Throwing Snow: Isthmus (Houndstooth)
What is this? Like, Throwing Snow's fifth album or something? This is his first time at the sharp end of my annual album list. Jeez, he took his time. I've been waiting by the door for ages waiting for him to knock.
One reviewer likened this album to listening to a DJ. Its flow throughout is so smooth. And it is indeed engineered for the dancefloor. Unless you're listening to The Madness of The Bull, which sounds like a joust for a royal tournament set on a distant dusty dwarf planet.
The start of the album suckers you in: a spinning hoover of a siren beckons in the glam analogue stomp of Apricity, complete with imperceptible vocals smothered in fuzzy filters. Whispers sounds so detuned, it threatens to drip out of the speakers. Meanwhile, Chimera brings out the jazz drummer, only it's a robot with its own marching tune of sinister scraping pads.
Closer Tides gets out those detuned circuits again, this time drowning everything in a wash of cross-chained static.
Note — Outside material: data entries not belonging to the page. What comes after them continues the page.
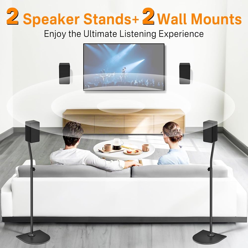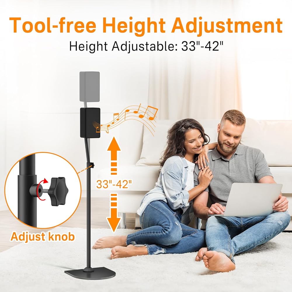 حامل مكبر صوت عالمي بارتفاع قابل للتعديل يمتد من 33 بوصة إلى 42 بوصة - حامل مكبر صوت لهواتف سامسونج وVizio وSony وLogitech والمزيد من مكبرات الصوت الخلفية مع مكبر صوت مثبت على الحائط يحمل حتى 12 رطلًا
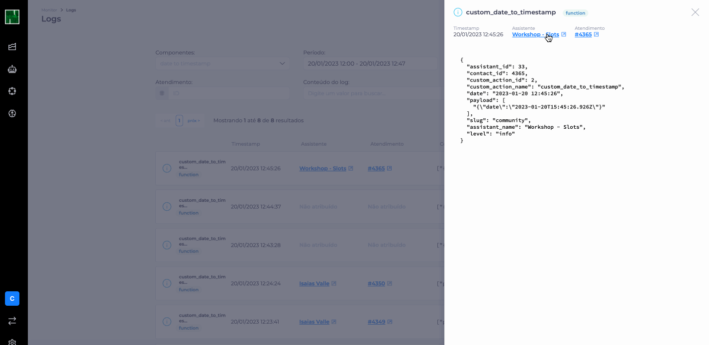 * **Assistente:** link para o assistente que ocorreu a execução da function.
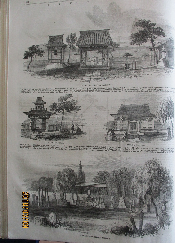 箱館の山門と鐘楼、寺院、墓地、街路と葬列 長崎における条約批准調印式、接待の様相 | |
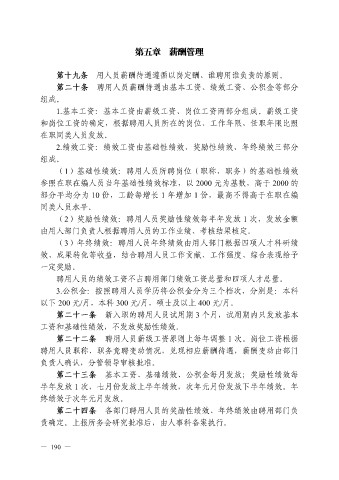 第二十条 聘用人员薪酬待遇由基本工资、绩效工资、公积金等部分
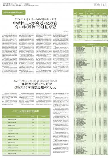 2024年第37周(9月9日至9月15日),本周因中秋放假周六调休,仅有周日一天假期,大盘收入2.8...

As the noise abates, we get the saddest moment of the album as plaintive notes mourn the end of a superbly curated collation of techno.
At this point in my waffle words, I would delve into the meaning of "Isthmus". I can just look it up on the album blurb: it's all there ready to be written up and to be made fun out of. But I did a definition skit on my previous album review, so I'm not doing it again. You can get lost. Pfffrt.